Records for this exercise Start Marker

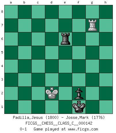 Last move : 0-1 2010 September 14 16:29:1 [Event "FICGS__CHESS__CLASS_C__000142"] [Site "FICGS"] [Date "2010.04.05"] [Round "1"] [White "Padilla,Jesus"] [Black "Josse,Mark"] [Result "0-1"] [WhiteElo "1800"] [BlackElo "1776"] 1.e4 c5 2.Nf3 d6 3.d4 cxd4 4.Nxd4 Nf6 5.Nc3 a6 6.Be2 e5 7.Nb3 Be7 8.O-O O-O 9.a4 Be6 10.Bf3 Qc7 11.Re1 Rc8 12.Be3 Nbd7 13.a5 h6 14.h3 Nf8 15.h4 N8d7 16.Qe2 Qc6 17.Red1 Bc4 18.Qd2 Qc7 19.Ra4 b5 20.axb6 Nxb6 21.R4a1 Be6 22.Na5 Nc4 23.Nxc4 Bxc4 24.Rdb1 a5 25.Na4 Rab8 26.b3 Be6 27.c4 Nd7 28.Nc3 Nc5 29.Nb5 Qd8 30.Rxa5 Bxh4 31.R5a1 Bg5 32.Bxg5 Qxg5 33.Qxg5 hxg5 34.Nxd6 Rc6 35.Nb5 g4 36.Be2 Nxe4 37.Re1 Nd6 38.Nxd6 Rxd6 39.Rad1 Rd4 40.Rxd4 exd4 41.Bd1 Bf5 42.Re5 g6 43.Rd5 d3 44.Kh2 Kg7 45.Rd6 Kh6 46.Kg3 Kg5 47.f4+ gxf3 48.gxf3 Kh6 49.f4 Kg7 50.Rd4 Kf8 51.c5 Ke7 52.b4 f6 53.Ba4 Rc8 54.c6 Rd8 55.Rc4 d2 56.Bd1 Rd3+ 57.Kf2 Kd8 58.b5 Kc7 59.Rc2 Be6 60.Ke2 Rd5 61.Ke3 Rxb5 62.Rxd2 Bd5 63.Ba4 Rc5 64.Rh2 Bxc6 65.Bxc6 Rxc6 66.Rh6 f5 67.Rh7+ Kd6 68.Rg7 Kd5 69.Kd3 Re6 70.Rg8 Ra6 71.Rd8+ Ke6 72.Rg8 Kf7 73.Rb8 Re6 74.Rb7+ Kf6 75.Rb4 g5 76.fxg5+ Kxg5 77.Kd2 f4 78.Rb5+ Kg4 79.Rb8 Kg3 80.Rg8+ Kf2 81.Kd1 f3 82.Rg7 Kf1 83.Kd2 f2 0-1 Sicilian : Najdorf, Opovcensky variation Kingside Castling by player White (move 8) Kingside Castling by player Black (move 8) 10 pieces endgame at move 62 : White KRBPP , Black KRBPP WHITE : King + 1 Rook 1 Bishop 2 Pawns BLACK : King + 1 Rook 1 Bishop 2 Pawns 9 pieces endgame at move 64 : White KRBP , Black KRBPP WHITE : King + 1 Rook 1 Bishop 1 Pawn BLACK : King + 1 Rook 1 Bishop 2 Pawns 8 pieces endgame at move 65 : White KRBP , Black KRPP WHITE : King + 1 Rook 1 Bishop 1 Pawn BLACK : King + 1 Rook 2 Pawns 7 pieces endgame at move 65 : White KRP , Black KRPP WHITE : King + 1 Rook 1 Pawn BLACK : King + 1 Rook 2 Pawns 6 pieces endgame at move 76 : White KRP , Black KRP WHITE : King + 1 Rook 1 Pawn BLACK : King + 1 Rook 1 Pawn 5 pieces endgame at move 76 : White KR , Black KRP WHITE : King + 1 Rook BLACK : King + 1 Rook 1 Pawn Player Black won this chess game. Follow this game move after move (download)In Chess, as it is played by masters, chance is practically eliminated. (Emanuel Lasker) Ich war zu klein für die Schach-Schülermannschaft! (Woody Allen) Debemos de asegurarnos de que el Ajedrez no se convierta en un lenguaje muerto, muy interesante, pero solo para un grupo muy pequeño. (Sytze Faber) Votre prénom est 'Tactique', votre deuxième prénom est 'Tactique' et votre nom est 'Tactique'. (Ken Smith) Men should grow up. - Yeah. And dogs should stop licking themselves. It's not gonna happen. (Gregory House to Dr. Cameron, House M.D.)
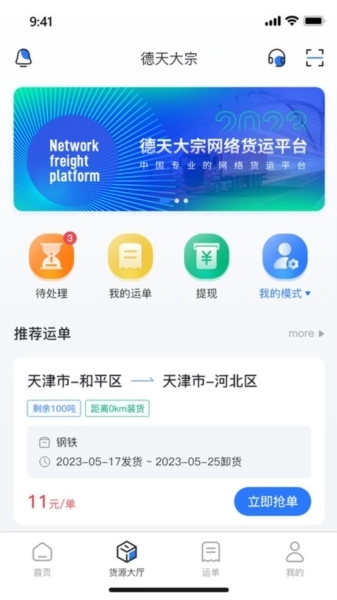 德天大宗司机版不仅简化了货物运输的流程,还提供了全方位的物流服务。货主可以轻松发布运输任务,司机则能在线接单,实现快速响应。系统自动规划最佳路线,结合实时路况信息,助司机规避拥堵,确保货物准时送达。此外,订单管理功能使得从接单到结算的每一个步骤都清晰可见,全程可追溯,让运输更放心。立即,享受德天大宗司机版带来的智能物流服务!
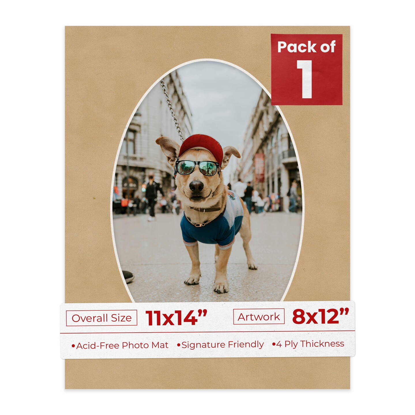 Beige Suede Mat Board for 11x14 Frames - Oval Opening for 8x12 Photos
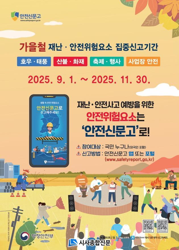 À̹ø ÁýÁß ½Å°í´Â °¡À»Ã¶¿¡ ºó¹øÇÏ°Ô ¹ß»ýÇÏ´Â »ç°í¸¦ ¿¹¹æÇϱâ À§ÇØ ÃßÁøµÇ¸ç, ¡ãÃàÁ¦¿Í Çà»ç ¡ãÈ£¿ì¿Í ÅÂdz ¡ã»êºÒ°ú ÈÀç ¡ã»ç¾÷Àå ¾ÈÀü µî ³× °¡Áö À¯ÇüÀÇ À§Çè ¿ä¼Ò¸¦ ´ë»óÀ¸·Î ÇÑ´Ù.
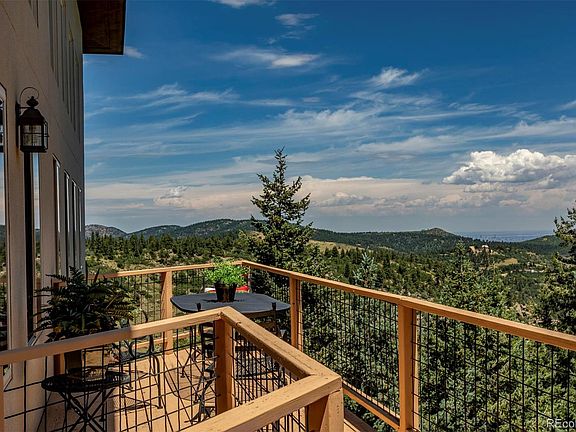 $100,000 Price Improvement on One-of-a-Kind Mountain-Contemporary Home. Private 6.4 acre setting backs to a secluded canyon with rock outcroppings and forest. Home is suspended into the canyon on a pedestal with breathtaking, panoramic views of mountains, downtown Denver & Chatfield Reservoir. Soaring ceilings & walls of windows bring the outside in! Natural materials are in abundance: slate, granite, marble, solid wood doors and casings & maple cabinetry. The "Aerie Bridge House" is custom designed & built with traditional hard-coat stucco & natural gas in-floor heating in both home & garage. Stunning gourmet kitchen features stainless duel-fuel, 6-burner gas Viking Professional stove with 2 electric ovens, 2 Bosch dishwashers & 2 full sinks. Sub Zero 650 refrigerator. Fabulous Kitchen with 14 ft Breakfast Bar & Great Outdoor Living on 2 East-Facing, Cantilevered Decks make this a Wonderful Home for Entertaining. Enjoy breathtaking Sunrises & Views of the Moon Rising as well as Sunsets & City Lights from the House & Decks! Only 45 mins to Downtown & DTC. This owner-occupied property also has a history as a successful, highly-rated Airbnb and generated a strong income stream.
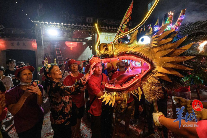 村民舞动着“火龙”在清湖村内巡游当晚6点,记者手持均禾街各个村落的舞火龙巡游路线图和活动流程图,开启了舞火龙欢乐打卡之旅。最热闹的还数清湖村,晚上6点到7点是“点睛醒龙仪式”,为火龙开光点睛,随后进行采水、起龙等仪式。起龙之时,村民们倾巢而出,争睹盛况。晚上7点半到8点半,在各祠堂周边进行火龙炫舞,随后火龙各自巡拜祈福,祈愿风调雨顺,红红火火。9点半,“龙腾万家——火龙巡游仪式”四龙汇聚巡游至清湖牌坊开始炫舞表演。威武的龙头抖动与旋转着,龙身和龙口喷出耀眼的火花,龙角、龙眼和龙须都闪耀着灯光,火龙时而腾起,时而俯冲,在舞龙壮汉们的齐声呐喊中翻腾,火龙所到之处,锣鼓喧天,人声鼎沸,夜空如昼,家家欢腾。
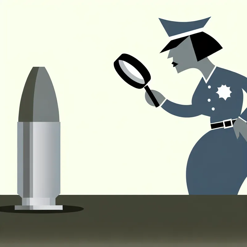 Minimalistische illustratie van een politieonderzoek met een glanzende kogel op de grond en een agent met vergrootglas
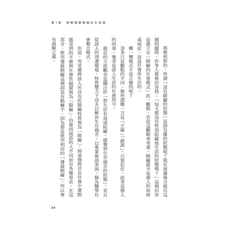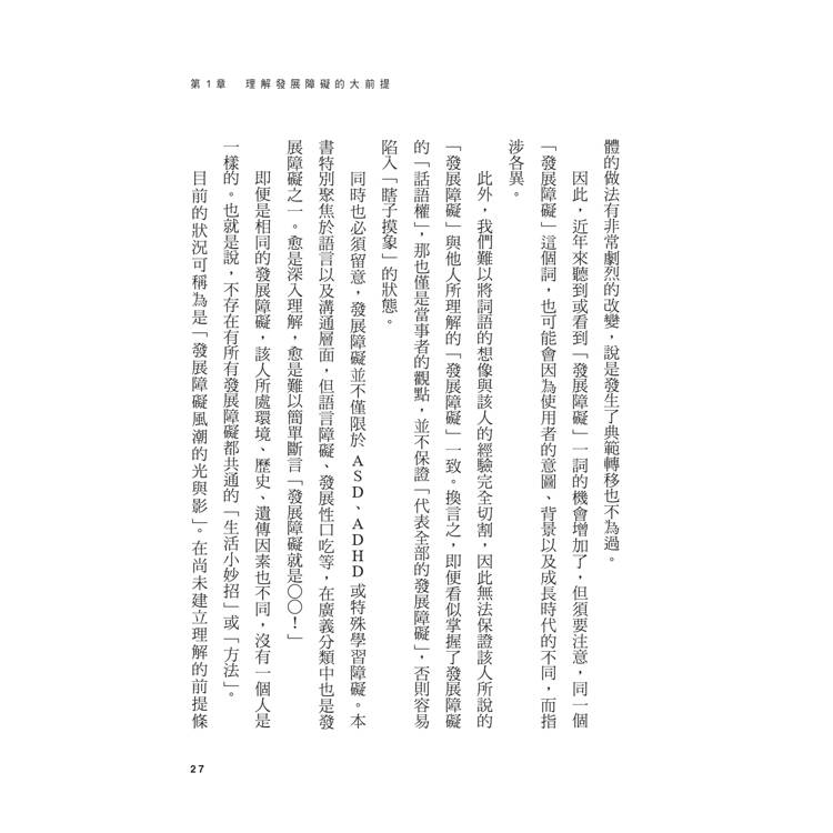 ‧由於發育障礙的特性因人而異,並不存在簡單的解決法,必須耐心地面對每一個人;儘管如此,書中仍指出了應該掌握的關鍵重點,讓我獲益良多。
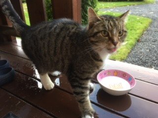 Katten har dukket opp rundt huset vårt og nabohusene de siste par ukene. Den har vært svært pågående og dukket opp med det samme vi har vist oss om morgenen og ettermiddag/kveld. Den har mjauet og klaget, og har løpt etter oss i hagen for å få kontakt. Den har ønsket å komme inn i huset. Husene i Neslia er veldig like, så vi prøvde å følge den nedover gaten, for om mulig å finne tilbake til eget hus. Jeg har sendt ut epost med bilde til hele nabolaget i går kveld, og har foreløpig bare mottatt etpar svar men ingen som drar kjensel på katten. Den virker sprek, men veldig sulten. Jeg har satt ut mat de siste par dagene.

Records for this exercise End Marker

» **Task directions**
From the material above, give again exactly the lines from the one that contains "德天大宗司机版不仅简化了货物" through the one that contains "À̹ø ÁýÁß ½Å°í´Â", and leave out the pictures.

» **Exercise response**
 德天大宗司机版不仅简化了货物运输的流程,还提供了全方位的物流服务。货主可以轻松发布运输任务,司机则能在线接单,实现快速响应。系统自动规划最佳路线,结合实时路况信息,助司机规避拥堵,确保货物准时送达。此外,订单管理功能使得从接单到结算的每一个步骤都清晰可见,全程可追溯,让运输更放心。立即,享受德天大宗司机版带来的智能物流服务!
 Beige Suede Mat Board for 11x14 Frames - Oval Opening for 8x12 Photos
 À̹ø ÁýÁß ½Å°í´Â °¡À»Ã¶¿¡ ºó¹øÇÏ°Ô ¹ß»ýÇÏ´Â »ç°í¸¦ ¿¹¹æÇϱâ À§ÇØ ÃßÁøµÇ¸ç, ¡ãÃàÁ¦¿Í Çà»ç ¡ãÈ£¿ì¿Í ÅÂdz ¡ã»êºÒ°ú ÈÀç ¡ã»ç¾÷Àå ¾ÈÀü µî ³× °¡Áö À¯ÇüÀÇ À§Çè ¿ä¼Ò¸¦ ´ë»óÀ¸·Î ÇÑ´Ù.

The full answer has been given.